Senior advocate Rakesh Dwivedi, appearing for the Unique Identification Authority of India (UIDAI) and the Gujarat government, said in most of the cases, authentication is done only once.
If biometric authentication is attached to every transaction entered into by a person, it would “form a wealth of information” necessitating the need for data protection, the Supreme Court observed today. A five judge bench headed by Chief Justice Dipak Misra, hearing a clutch of petitions challenging Aadhaar and its enabling 2016 law, apprised the UIDAI of its apprehensions saying biometric authentication of Aadhaar number in every transaction could lead to aggregation of meta data of citizens, which can be collated and used for many purposes including surveillance. “Fingerprint by itself does not disclose any information. But, when it attaches with all the other information, it forms a wealth of information and then comes the need for data protection,” the bench, also comprising Justices A K Sikri, A M Khanwilkar, D Y Chandrachud and Ashok Bhushan, said. “If my biometrics are attached to every transaction I undertake, it ceases to be just an identification mark,” Justice Chandrachud said and referred to a hypothetical instance. He said if a person has been authenticating Aadhaar since birth to admissions in nursery, CBSE examination, first job and visits abroad, then it would lead to “wealth of information” which can be collated, aggregated and misused for many purposes.

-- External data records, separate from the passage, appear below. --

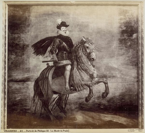 Editor: So, here we have a gelatin silver print from somewhere between 1860 and 1875. It's an anonymous fotoreproductie, capturing a painting by Velázquez of King Phillip III of Spain on horseback. It’s funny, I mostly know him from portraits looking old and tired. It gives the image a regal yet almost ghost-like quality. What strikes you about this work? Curator: You know, seeing Phillip the Third as he was *imagined* is a breath of fresh air, isn't it? Velázquez knew the King as a sort of bureaucratic leader, yes? Someone more into paperwork than gallivanting on stallions, but that doesn’t mean we can’t romanticize him! For me, that slightly faded photograph emphasizes a yearning for a grand past, a "remember when..." sort of sentimentality, even at the time! What do you suppose that says about the people commissioning *this* work, after Velazquez? Editor: I hadn't thought of it that way. I was focusing on the image itself and its historical subject matter, but thinking about its creation and re-creation later adds another dimension. It feels almost like historical fan fiction, reimagining the King. It’s kind of Baroque, kind of Realist, a bit erotic? Curator: You're spot on about those genres all swirling together, and about the slightly smoldering quality that rises from the subject and treatment! But maybe, at the same time, it's more than just that? Does that horse somehow exude a subtle kind of *resignation*, do you think? That life in the spotlight—however sumptuous—takes something *out* of all of us in the end? Editor: That’s a compelling perspective. I hadn’t considered the psychological weight on the horse—and the King! Seeing it as a reflection on the cost of power adds a whole new layer of complexity to this reproduction. I definitely feel like I’m looking at more than just a picture of a King on a horse now! Curator: Me too. Maybe this image teaches us, like all potent art, that even copies can conjure very real, lived-in sensations and feelings.
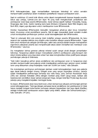 sosial ketenagakerjaan. "Semoga dengan perluasan kanal pendaftaran dan pembayaran ini tidak
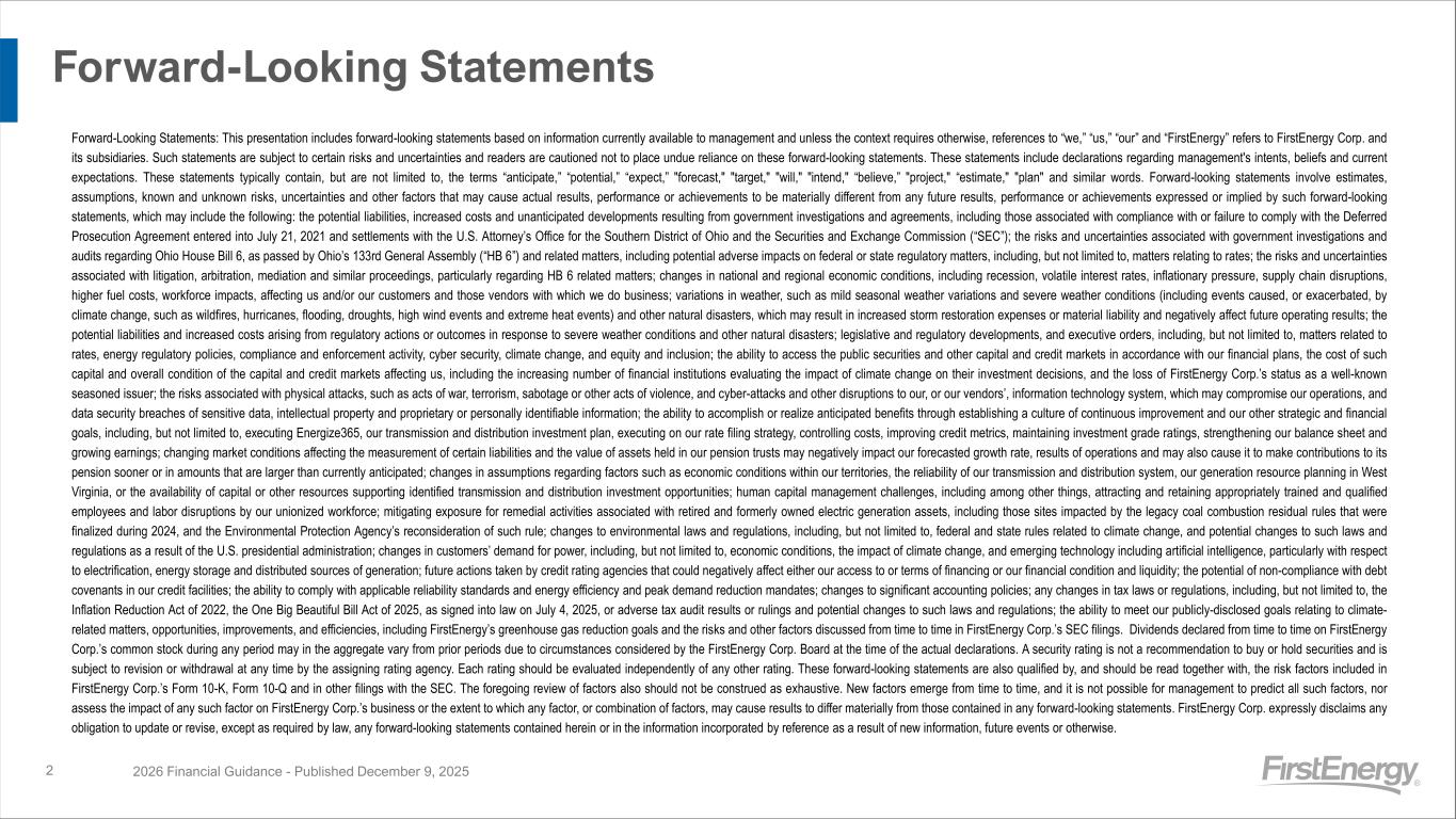 Forward-Looking Statements Forward-Looking Statements: This presentation includes forward-looking statements based on information currently available to management and unless the context requires otherwise, references to “we,” “us,” “our” and “FirstEnergy” refers to FirstEnergy Corp. and its subsidiaries. Such statements are subject to certain risks and uncertainties and readers are cautioned not to place undue reliance on these forward-looking statements. These statements include declarations regarding management's intents, beliefs and current expectations. These statements typically contain, but are not limited to, the terms “anticipate,” “potential,” “expect,” "forecast," "target," "will," "intend," “believe,” "project," “estimate," "plan" and similar words. Forward-looking statements involve estimates, assumptions, known and unknown risks, uncertainties and other factors that may cause actual results, performance or achievements to be materially different from any future results, performance or achievements expressed or implied by such forward-looking statements, which may include the following: the potential liabilities, increased costs and unanticipated developments resulting from government investigations and agreements, including those associated with compliance with or failure to comply with the Deferred Prosecution Agreement entered into July 21, 2021 and settlements with the U.S. Attorney’s Office for the Southern District of Ohio and the Securities and Exchange Commission (“SEC”); the risks and uncertainties associated with government investigations and audits regarding Ohio House Bill 6, as passed by Ohio’s 133rd General Assembly (“HB 6”) and related matters, including potential adverse impacts on federal or state regulatory matters, including, but not limited to, matters relating to rates; the risks and uncertainties associated with litigation, arbitration, mediation and similar proceedings, particularly regarding HB 6 related matters; changes in national and regional economic conditions, including recession, volatile interest rates, inflationary pressure, supply chain disruptions, higher fuel costs, workforce impacts, affecting us and/or our customers and those vendors with which we do business; variations in weather, such as mild seasonal weather variations and severe weather conditions (including events caused, or exacerbated, by climate change, such as wildfires, hurricanes, flooding, droughts, high wind events and extreme heat events) and other natural disasters, which may result in increased storm restoration expenses or material liability and negatively affect future operating results; the potential liabilities and increased costs arising from regulatory actions or outcomes in response to severe weather conditions and other natural disasters; legislative and regulatory developments, and executive orders, including, but not limited to, matters related to rates, energy regulatory policies, compliance and enforcement activity, cyber security, climate change, and equity and inclusion; the ability to access the public securities and other capital and credit markets in accordance with our financial plans, the cost of such capital and overall condition of the capital and credit markets affecting us, including the increasing number of financial institutions evaluating the impact of climate change on their investment decisions, and the loss of FirstEnergy Corp.’s status as a well-known seasoned issuer; the risks associated with physical attacks, such as acts of war, terrorism, sabotage or other acts of violence, and cyber-attacks and other disruptions to our, or our vendors’, information technology system, which may compromise our operations, and data security breaches of sensitive data, intellectual property and proprietary or personally identifiable information; the ability to accomplish or realize anticipated benefits through establishing a culture of continuous improvement and our other strategic and financial goals, including, but not limited to, executing Energize365, our transmission and distribution investment plan, executing on our rate filing strategy, controlling costs, improving credit metrics, maintaining investment grade ratings, strengthening our balance sheet and growing earnings; changing market conditions affecting the measurement of certain liabilities and the value of assets held in our pension trusts may negatively impact our forecasted growth rate, results of operations and may also cause it to make contributions to its pension sooner or in amounts that are larger than currently anticipated; changes in assumptions regarding factors such as economic conditions within our territories, the reliability of our transmission and distribution system, our generation resource planning in West Virginia, or the availability of capital or other resources supporting identified transmission and distribution investment opportunities; human capital management challenges, including among other things, attracting and retaining appropriately trained and qualified employees and labor disruptions by our unionized workforce; mitigating exposure for remedial activities associated with retired and formerly owned electric generation assets, including those sites impacted by the legacy coal combustion residual rules that were finalized during 2024, and the Environmental Protection Agency’s reconsideration of such rule; changes to environmental laws and regulations, including, but not limited to, federal and state rules related to climate change, and potential changes to such laws and regulations as a result of the U.S. presidential administration; changes in customers’ demand for power, including, but not limited to, economic conditions, the impact of climate change, and emerging technology including artificial intelligence, particularly with respect to electrification, energy storage and distributed sources of generation; futu

Senior advocate Rakesh Dwivedi, appearing for the Unique Identification Authority of India (UIDAI) and the Gujarat government, said in most of the cases, authentication is done only once. “For example, in case of PAN cards, it is once in a lifetime. For mobile sims, it is done only at the time of obtaining it. So, where this multiplication of authentication from morning to evening comes from,” the senior lawyer asked, adding, “realistically speaking, there is no trail of authentication from morning to evening. No real-time tracking is done”. He then asked the bench to examine the Aadhaar law on the ground of “reasonableness” and said as of now, there was no such possibility of aggregation and if any such things happens in future, the court may examine them at that time.

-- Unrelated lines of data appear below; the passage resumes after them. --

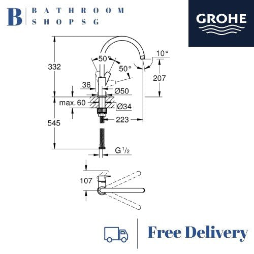 Grohe BauEdge 31233001  Swivel spout Single-Lever Kitchen Sink Mixer 1/2″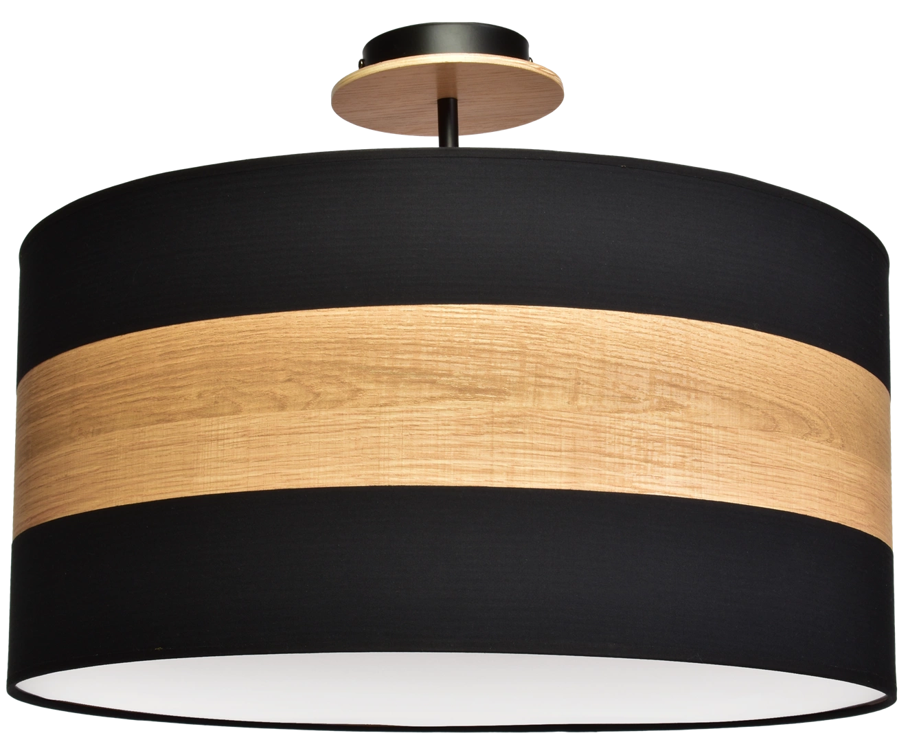 TERRA MLP6291 to nowoczesna lampa sufitowa z trzema źródłami światła. Wykonana została z wysokiej jakości metalu, tkaniny oraz drewna. Elementem wyróżniającym lampy jest czarny abażur w kształcie walca wykonany z tkaniny ze wstawką w kolorze naturalnego drewna. Podsufitka jest w kolorze czarnym z drewnianą wstawką. Lampa będzie idealnym wyborem do wnętrz urządzonych w stylu: klasycznym, nowoczesnym oraz skandynawskim. Doskonale wkomponuje się do: salonu, sypialni, jadalni, pokoju młodzieżowego, gabinetu, lokalu. Wysokość lampy to: 35 cm, szerokość 50 cm, głębokość 50 cm. Klosz ma wysokość 25 cm. Źródłem światła jest żarówka typu E27 o mocy max 60W w ilości 3 szt.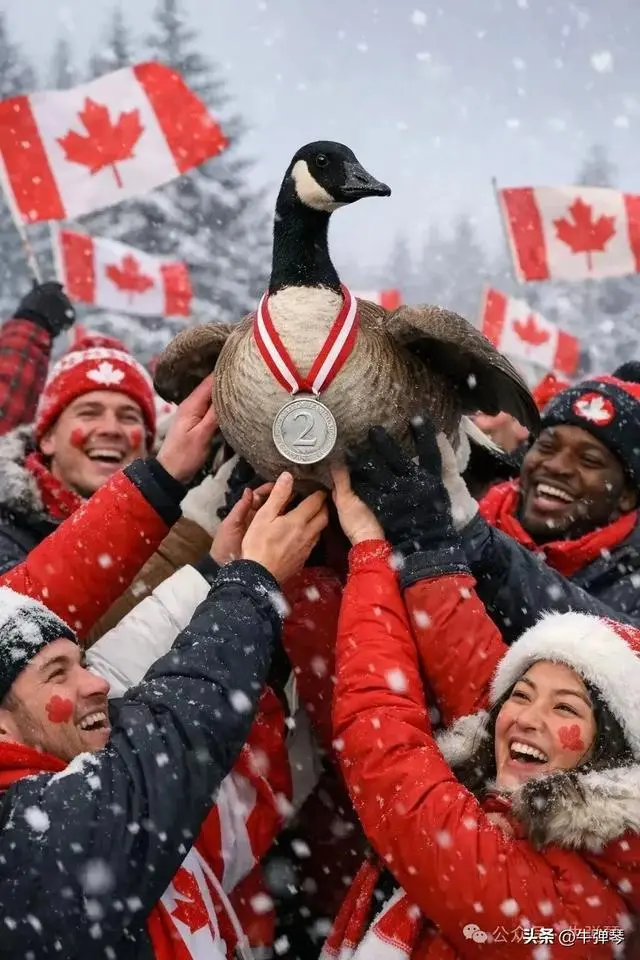 加拿大鹅受到了委屈,加拿大人的安慰方式,就是创作照片,加拿大鹅被高高举起,颈脖戴着银牌,宛如众星捧月,以此回应特朗普的羞辱。

During the day-long hearing, the bench asked whether the storage of biometric and demographic details under Aadhaar law amounted to “invasion of right to privacy” and said “minimal intrusion with legitimate interests have to be ensured”. “Any system which involves biometrics will require storage of biometrics, either at a single point or multiple points,” Dwivedi replied. At the outset, Dwivedi referred to the provisions of Aadhaar law on enrolment and said Parliament was conscious of the fact the exclusion may happen and hence, section 7 provides alternatives to those who do not have Aadhaar. “My Lords, rest assured, there cannot be denial of service,” he said, adding that a person, who does not have Aadhaar number, can show the proof for enrolment application to avail services. “There is no question of denial. Denial is something that should not happen, ought not to happen. Though some more actions would be required to ensure this at the ground level,” he said, adding that the idea behind introduction of Aadhaar was inclusion and to ensure that persons come “face to face” with the authorities so that fakes are weeded out. If a person is unable to get ration due to failure of authentication, then any other family member can produce the Aadhaar number to get the benefits, he said.

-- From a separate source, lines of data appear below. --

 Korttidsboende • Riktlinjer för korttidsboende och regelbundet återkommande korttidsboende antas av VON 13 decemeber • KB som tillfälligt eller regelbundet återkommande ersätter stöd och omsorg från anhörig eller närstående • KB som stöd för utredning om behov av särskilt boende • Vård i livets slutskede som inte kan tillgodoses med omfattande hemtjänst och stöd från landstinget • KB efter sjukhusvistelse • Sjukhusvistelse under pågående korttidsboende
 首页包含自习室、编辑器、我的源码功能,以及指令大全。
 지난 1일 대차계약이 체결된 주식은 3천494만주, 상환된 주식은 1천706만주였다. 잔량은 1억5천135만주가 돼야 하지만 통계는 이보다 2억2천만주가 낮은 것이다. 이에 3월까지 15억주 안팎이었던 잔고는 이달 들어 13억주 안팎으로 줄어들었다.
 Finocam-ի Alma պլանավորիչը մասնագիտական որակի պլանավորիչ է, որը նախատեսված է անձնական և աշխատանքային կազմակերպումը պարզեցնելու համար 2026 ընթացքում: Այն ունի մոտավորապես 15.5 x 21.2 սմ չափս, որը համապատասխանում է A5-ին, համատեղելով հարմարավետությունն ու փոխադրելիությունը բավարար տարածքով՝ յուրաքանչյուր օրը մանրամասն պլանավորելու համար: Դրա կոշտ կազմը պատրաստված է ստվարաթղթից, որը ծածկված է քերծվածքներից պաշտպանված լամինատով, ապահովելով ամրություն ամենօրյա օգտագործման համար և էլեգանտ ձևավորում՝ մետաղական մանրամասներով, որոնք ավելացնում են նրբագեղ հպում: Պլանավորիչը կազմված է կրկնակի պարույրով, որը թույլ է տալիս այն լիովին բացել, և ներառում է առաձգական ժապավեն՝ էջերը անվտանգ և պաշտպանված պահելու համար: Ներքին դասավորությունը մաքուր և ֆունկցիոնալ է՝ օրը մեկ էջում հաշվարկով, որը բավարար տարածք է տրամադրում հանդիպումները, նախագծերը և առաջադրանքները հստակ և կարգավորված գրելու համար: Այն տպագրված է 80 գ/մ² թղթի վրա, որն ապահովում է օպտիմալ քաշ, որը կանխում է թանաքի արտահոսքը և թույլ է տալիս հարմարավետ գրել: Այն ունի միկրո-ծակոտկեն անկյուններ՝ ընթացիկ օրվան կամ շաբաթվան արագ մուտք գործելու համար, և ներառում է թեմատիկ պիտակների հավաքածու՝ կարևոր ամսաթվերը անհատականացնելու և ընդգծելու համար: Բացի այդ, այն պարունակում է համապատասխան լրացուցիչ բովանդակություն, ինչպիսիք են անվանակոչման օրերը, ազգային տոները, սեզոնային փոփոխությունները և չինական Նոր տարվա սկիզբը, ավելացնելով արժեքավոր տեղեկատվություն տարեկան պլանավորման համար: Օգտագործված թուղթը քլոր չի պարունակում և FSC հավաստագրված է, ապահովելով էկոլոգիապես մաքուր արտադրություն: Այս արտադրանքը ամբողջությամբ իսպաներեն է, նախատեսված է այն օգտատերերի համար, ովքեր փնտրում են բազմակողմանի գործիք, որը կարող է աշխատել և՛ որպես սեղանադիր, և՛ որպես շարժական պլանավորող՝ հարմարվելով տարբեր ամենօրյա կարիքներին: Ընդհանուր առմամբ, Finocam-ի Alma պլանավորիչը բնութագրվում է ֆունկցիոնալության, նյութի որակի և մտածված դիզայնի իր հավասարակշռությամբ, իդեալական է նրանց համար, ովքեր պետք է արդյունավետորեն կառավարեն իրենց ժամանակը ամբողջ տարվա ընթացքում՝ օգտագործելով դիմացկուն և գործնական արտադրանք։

The bench asked whether there were any isolated area in the country where Aadhaar services have not been reached and asked about its status in Jammu and Kashmir, Himachal Pradesh and Sikkim. The UIDAI said it will provide the figures on it. On the necessity of Aadhaar cards, the lawyer said it was part of the regulation and everybody would get recognised because of it and referred to the example of lawyers who are required to possess and produce ‘proximity cards’ to have access to the courts. “No right is absolute. Regulations are permissible,” he said, adding that even the apex court asks litigants to produce Aadhaar if they possess. The bench said there should be “a choice of identity” and if the choice to produce IDs is not there, this may violate proportionality test. Senior advocate Shyam Divan, who represents a former HC judge opposed to Aadhaar, responded to the plea of UIDAI counsel that Aadhaar was not being demanded for every transaction.
Divan said he does not have Aadhaar and was not allowed to open a fixed deposit account at the UCO Bank branch in the apex court premises. “Everybody is not capable of opening FD everyday. It is done only once or twice in a year generally,” UIDAI lawyer said. The counsel for UIDAI referred to the preamble of the Constitution and said there were two parts and the state has to ensure that a man survives and enjoys right to life. “Food is a part of dignity and so is privacy. When there is a conflict between the two, it has to be considered which should prevail. But why cannot we say that there is no conflict. Both are to be ensured,” the bench said. Dwivedi said the court is required to strike the balance between the right to privacy and right to life with dignity under Article 21 of the Constitution. He will resume his submissions tomorrow.